== Collected material

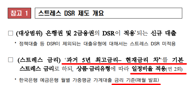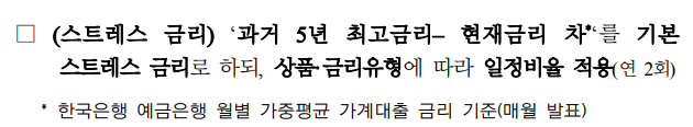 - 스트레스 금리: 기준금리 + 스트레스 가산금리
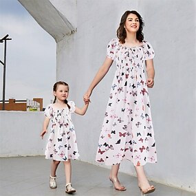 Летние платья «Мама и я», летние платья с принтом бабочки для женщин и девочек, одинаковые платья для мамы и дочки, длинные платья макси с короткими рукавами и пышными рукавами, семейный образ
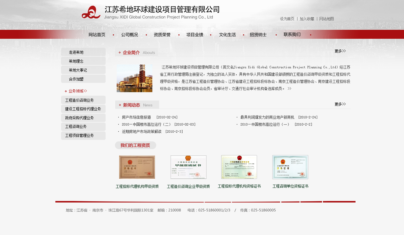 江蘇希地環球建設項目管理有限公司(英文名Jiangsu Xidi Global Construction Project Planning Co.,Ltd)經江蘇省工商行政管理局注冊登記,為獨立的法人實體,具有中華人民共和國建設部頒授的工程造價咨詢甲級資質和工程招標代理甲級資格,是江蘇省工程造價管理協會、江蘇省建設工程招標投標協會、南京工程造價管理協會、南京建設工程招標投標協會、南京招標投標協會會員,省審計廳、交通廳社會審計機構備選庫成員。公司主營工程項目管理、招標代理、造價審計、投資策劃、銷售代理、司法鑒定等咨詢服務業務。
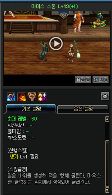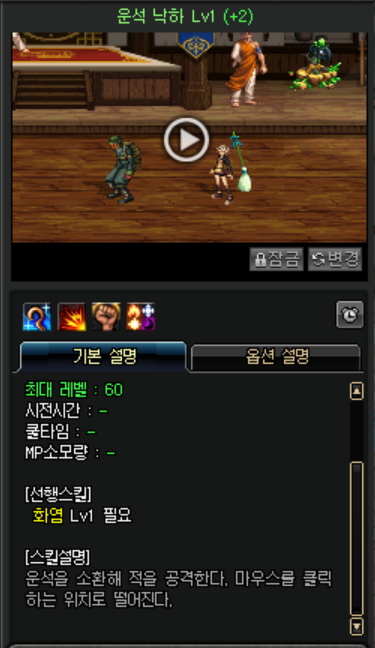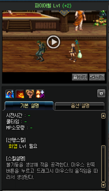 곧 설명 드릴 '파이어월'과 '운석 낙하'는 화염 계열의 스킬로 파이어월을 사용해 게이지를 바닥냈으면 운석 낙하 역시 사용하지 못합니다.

====

Task to complete: Restate word for word each line from the one containing "рукавами, семейный образ" through the end of the material, pictures excluded.

The answer:
 Летние платья «Мама и я», летние платья с принтом бабочки для женщин и девочек, одинаковые платья для мамы и дочки, длинные платья макси с короткими рукавами и пышными рукавами, семейный образ
 江蘇希地環球建設項目管理有限公司(英文名Jiangsu Xidi Global Construction Project Planning Co.,Ltd)經江蘇省工商行政管理局注冊登記,為獨立的法人實體,具有中華人民共和國建設部頒授的工程造價咨詢甲級資質和工程招標代理甲級資格,是江蘇省工程造價管理協會、江蘇省建設工程招標投標協會、南京工程造價管理協會、南京建設工程招標投標協會、南京招標投標協會會員,省審計廳、交通廳社會審計機構備選庫成員。公司主營工程項目管理、招標代理、造價審計、投資策劃、銷售代理、司法鑒定等咨詢服務業務。
 곧 설명 드릴 '파이어월'과 '운석 낙하'는 화염 계열의 스킬로 파이어월을 사용해 게이지를 바닥냈으면 운석 낙하 역시 사용하지 못합니다.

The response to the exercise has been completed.